Assignment: Apart from the images, every record below must be given again without alteration.

Source material:

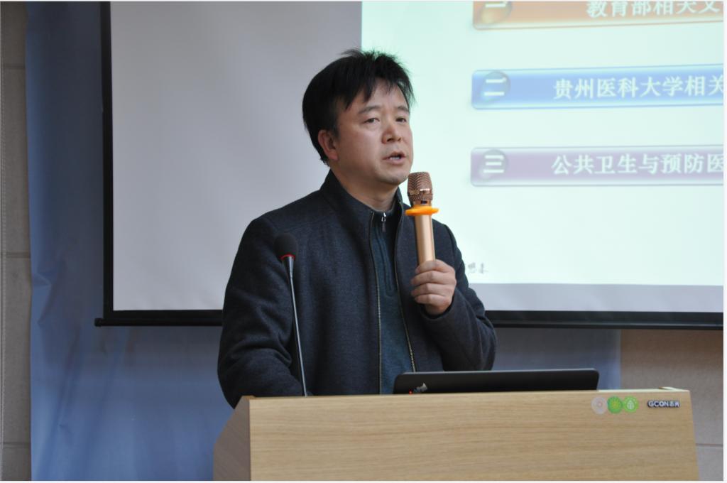 贵州省疾病预防控制中心公共卫生与预防医学研究院负责人冯海哲就实践教学基地做交流发言,他从中心历史发展、现有条件和未来方向介绍了省疾控中心作为公共卫生与预防医学实践教学与公司产品基地培养人才情况,并就实习生与研究生管理与培养结合实际工作对下一步工作的方向提出了思考与计划。
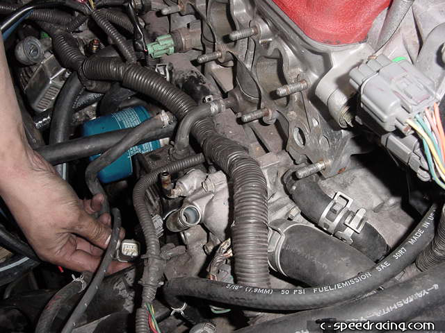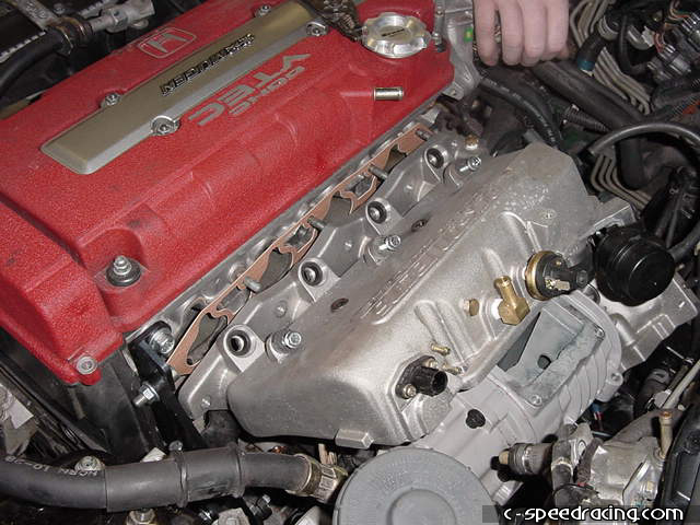 Depending on the year of your car, you may need to use a Tee fitting on the vacuum source from the manifold to run the PCV valve. Remove the purve control solenoid from the stock manifold and bolt it to the JRSC manifold. Double check that nothing is binding or pinched. |
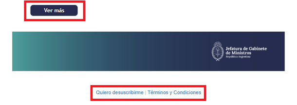 El mail es enviado desde la dirección “hola@comunicacion.argentina.gob.ar” e incluso cuenta con un banner de la Jefatura de Gabinete de Ministros.
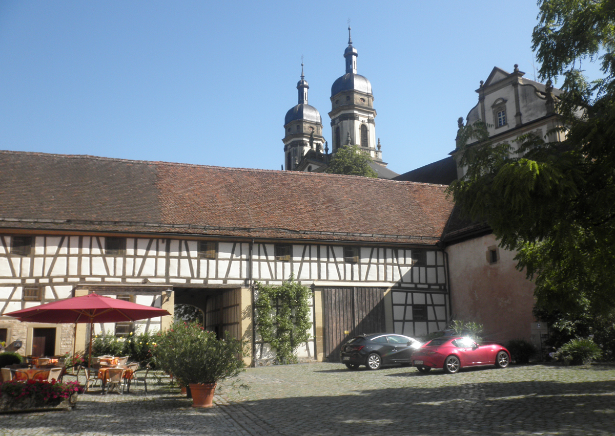 Gleich kommt Kloster Schöntal. Er ist prächtig und wirkt auch mächtig. Wie wichtig Kloster war, als Zentrum des Wissens, der Technik und der Macht, spürt man deutlich. Hier gibt es im Sommer, als Teil von Hohenloher Kultursommer, viele Konzerte. Es ist noch Vormittag. Gerade wird ein Violinstück geübt. Ich setze mich ins Kloster-Café, nehme eine Tasse Kaffee und Walnußtaler. Es gibt große Kuchenauswahl hier, vorbereitet für den Besucherdrang am Nachmittag. Oleander und andere blühen im Innenhof. Nur ein Paar Radtouristen, sonst sehr ruhig.
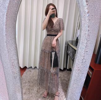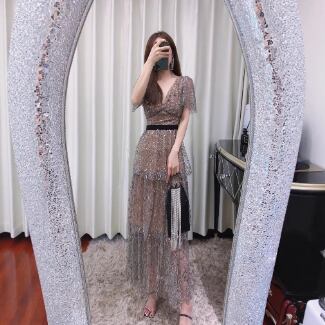 ドレス パーティー 演奏会 ステージ 舞台 ダンス 衣装 コスプレ クラブ ロング 半袖 Vネック 襟なし パッチワークスタイル レース ウエストマーク ファスナー ハイウエスト スパンコール ビーズ メッシュ刺繍 ポリエステル繊維 きれいめ 大人可愛い おしゃれ エレガント 存在感 エレガント 華やか 無地 スパンコール パーティー イベント 光沢感 夏 パーティー 演奏会 舞台 演劇 キャバ クラブ XS S M L XL グレー
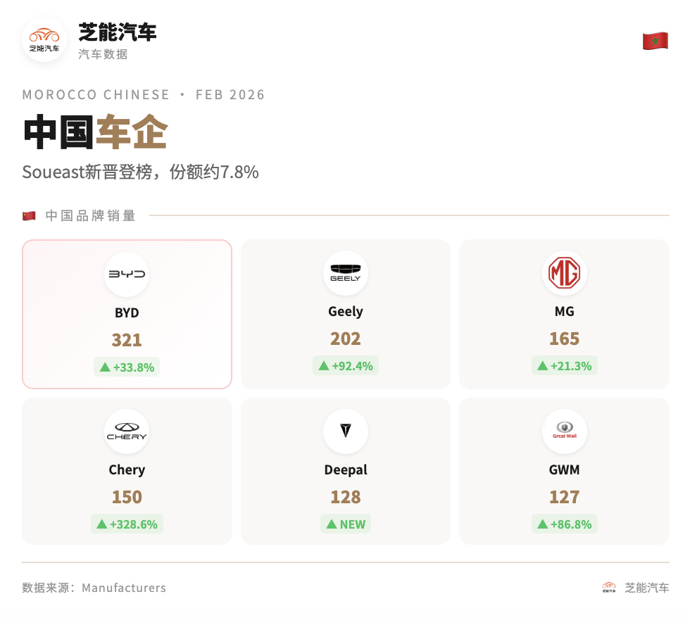 非洲车市 | 摩洛哥2026年2月:中国品牌销量破千
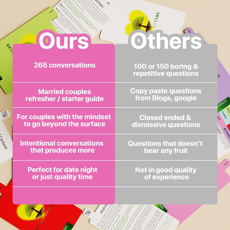 - Deeper Connection Through Engaging Questions: Uncover new layers of intimacy with thoughtfully crafted questions that prompt meaningful conversations. These cards are designed to spark dialogue between you and your spouse, fostering a deeper connection by exploring various aspects of your relationship.
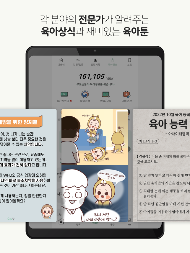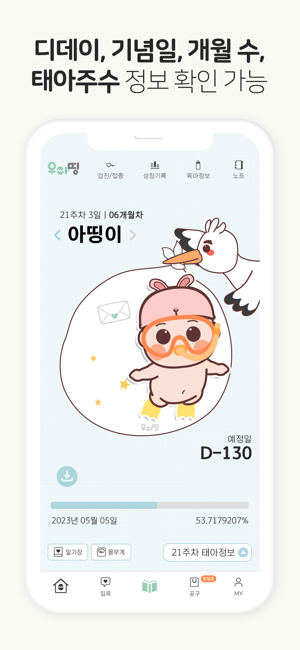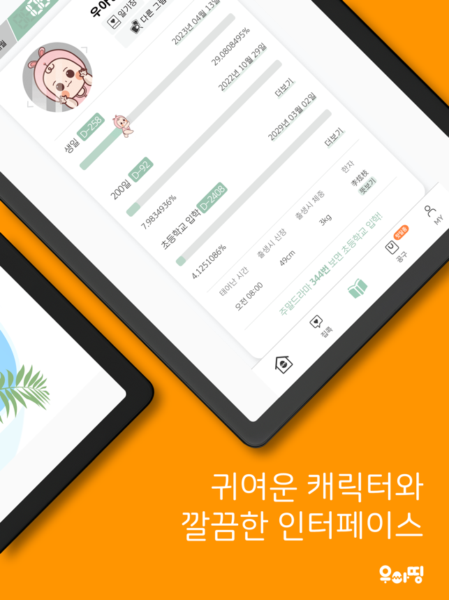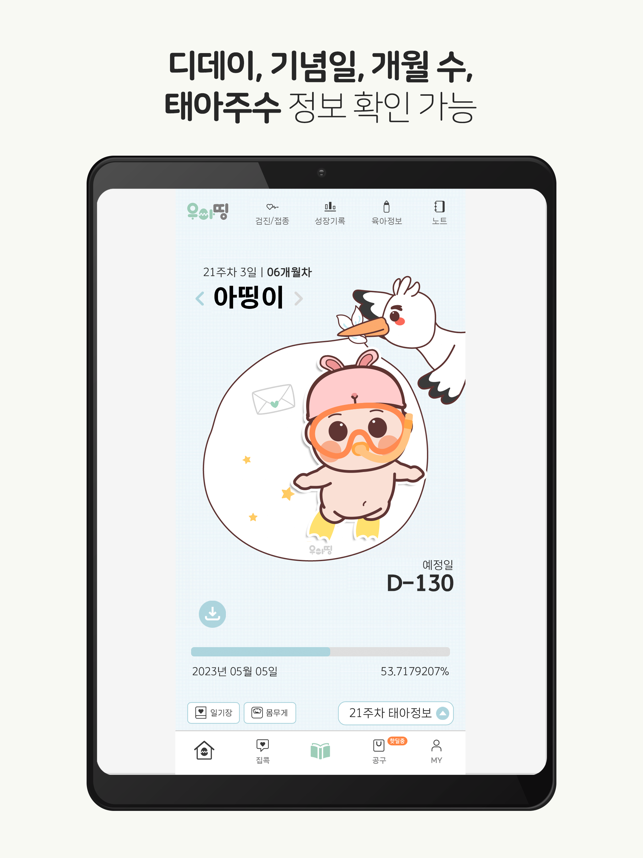 임신부터 출산, 육아까지! 엄마들 사이에서 위젯 예쁘기로 입소문 난 유명해진 바로 그 앱! 너무나도 귀여운 열두띠동물 캐릭터가 함께하는 아기 필수 육아앱 추천! 1) 태아부터 출산 후 까지 주 수, 개월 수, 기념일까지 자동으로 계산해줍니다. 이른둥이와 여러 명의 아이등록도 가능하답니다. 잊어버리기 쉬운 아이의 출생시간, 출생시 키, 몸무게, 이름 한자 뜻도 저장할 수 있어요! 공유코드를 통해 엄마,아빠가 서로 공유할 수 있습니다.2) 영유아검진을 알림 받고 결과지까지 보관 할 수 있어요. 4) 키, 몸무게, 머리둘레를 입력하면 국가표준수치로 성장백분위를 분석해준답니다. 누적 성장기록표를 확인하세요.5) 모유수유 전문가, 수면교육전문가 등 각 분야 전문가들이 알려주는 고퀄리티 육아상식, 자주 바뀌는 영유아 정부정책 등을 빠르게 만나보실 수 있고, 육아툰, 육아밈 등으로 즐거움을 얻을 수 있어요.6) 육아일기가 100장의 일기가 모이면 귀여운 우아띵프렌즈 캐릭터가 담긴 육아일기장으로 출판도 가능하답니다.7) 귀여운 우아띵프렌즈 캐릭터로 아이와 함께 할 수 있는 놀이를 제공해요. 색칠공부, 선긋기, 다른그림찾기 등 매일매일 업데이트 되고 있으니 무료로 받아가세요.8)아이템을 이용한 우리아기 캐릭터 꾸미기로 육아의 즐거움을 느껴보세요.9)하트경매를 통해서 육아용품 등을 무료로 득템 할 수 있는 기회도 있답니다.9)핸드폰을 바꿔도 네이버, 카카오톡, 애플, 구글 로그인 정보만 있으면 복원 가능하답니다. 우아띵은 고객님의 개인정보를 절대로 수집하지 않아요. 보험회사 등에 개인정보 유출 걱정은 No~!10)아이를 키우면서 양육비가 얼마나 들었는지 재미삼아 볼 수 있는 우아띵청구서 기능도 이용해보세요.
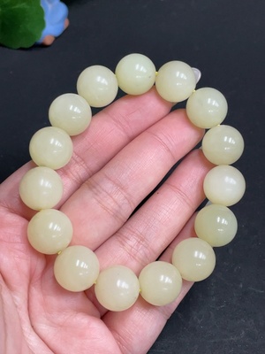 H32699574 Hetian Jade Bracelet, Approx. 13.6 mm Beads, Total Weight Approx. 58.8g

Reply to the exercise:
 贵州省疾病预防控制中心公共卫生与预防医学研究院负责人冯海哲就实践教学基地做交流发言,他从中心历史发展、现有条件和未来方向介绍了省疾控中心作为公共卫生与预防医学实践教学与公司产品基地培养人才情况,并就实习生与研究生管理与培养结合实际工作对下一步工作的方向提出了思考与计划。
 Depending on the year of your car, you may need to use a Tee fitting on the vacuum source from the manifold to run the PCV valve. Remove the purve control solenoid from the stock manifold and bolt it to the JRSC manifold. Double check that nothing is binding or pinched. |
 El mail es enviado desde la dirección “hola@comunicacion.argentina.gob.ar” e incluso cuenta con un banner de la Jefatura de Gabinete de Ministros.
 Gleich kommt Kloster Schöntal. Er ist prächtig und wirkt auch mächtig. Wie wichtig Kloster war, als Zentrum des Wissens, der Technik und der Macht, spürt man deutlich. Hier gibt es im Sommer, als Teil von Hohenloher Kultursommer, viele Konzerte. Es ist noch Vormittag. Gerade wird ein Violinstück geübt. Ich setze mich ins Kloster-Café, nehme eine Tasse Kaffee und Walnußtaler. Es gibt große Kuchenauswahl hier, vorbereitet für den Besucherdrang am Nachmittag. Oleander und andere blühen im Innenhof. Nur ein Paar Radtouristen, sonst sehr ruhig.
 ドレス パーティー 演奏会 ステージ 舞台 ダンス 衣装 コスプレ クラブ ロング 半袖 Vネック 襟なし パッチワークスタイル レース ウエストマーク ファスナー ハイウエスト スパンコール ビーズ メッシュ刺繍 ポリエステル繊維 きれいめ 大人可愛い おしゃれ エレガント 存在感 エレガント 華やか 無地 スパンコール パーティー イベント 光沢感 夏 パーティー 演奏会 舞台 演劇 キャバ クラブ XS S M L XL グレー
 非洲车市 | 摩洛哥2026年2月:中国品牌销量破千
 - Deeper Connection Through Engaging Questions: Uncover new layers of intimacy with thoughtfully crafted questions that prompt meaningful conversations. These cards are designed to spark dialogue between you and your spouse, fostering a deeper connection by exploring various aspects of your relationship.
 임신부터 출산, 육아까지! 엄마들 사이에서 위젯 예쁘기로 입소문 난 유명해진 바로 그 앱! 너무나도 귀여운 열두띠동물 캐릭터가 함께하는 아기 필수 육아앱 추천! 1) 태아부터 출산 후 까지 주 수, 개월 수, 기념일까지 자동으로 계산해줍니다. 이른둥이와 여러 명의 아이등록도 가능하답니다. 잊어버리기 쉬운 아이의 출생시간, 출생시 키, 몸무게, 이름 한자 뜻도 저장할 수 있어요! 공유코드를 통해 엄마,아빠가 서로 공유할 수 있습니다.2) 영유아검진을 알림 받고 결과지까지 보관 할 수 있어요. 4) 키, 몸무게, 머리둘레를 입력하면 국가표준수치로 성장백분위를 분석해준답니다. 누적 성장기록표를 확인하세요.5) 모유수유 전문가, 수면교육전문가 등 각 분야 전문가들이 알려주는 고퀄리티 육아상식, 자주 바뀌는 영유아 정부정책 등을 빠르게 만나보실 수 있고, 육아툰, 육아밈 등으로 즐거움을 얻을 수 있어요.6) 육아일기가 100장의 일기가 모이면 귀여운 우아띵프렌즈 캐릭터가 담긴 육아일기장으로 출판도 가능하답니다.7) 귀여운 우아띵프렌즈 캐릭터로 아이와 함께 할 수 있는 놀이를 제공해요. 색칠공부, 선긋기, 다른그림찾기 등 매일매일 업데이트 되고 있으니 무료로 받아가세요.8)아이템을 이용한 우리아기 캐릭터 꾸미기로 육아의 즐거움을 느껴보세요.9)하트경매를 통해서 육아용품 등을 무료로 득템 할 수 있는 기회도 있답니다.9)핸드폰을 바꿔도 네이버, 카카오톡, 애플, 구글 로그인 정보만 있으면 복원 가능하답니다. 우아띵은 고객님의 개인정보를 절대로 수집하지 않아요. 보험회사 등에 개인정보 유출 걱정은 No~!10)아이를 키우면서 양육비가 얼마나 들었는지 재미삼아 볼 수 있는 우아띵청구서 기능도 이용해보세요.
 H32699574 Hetian Jade Bracelet, Approx. 13.6 mm Beads, Total Weight Approx. 58.8g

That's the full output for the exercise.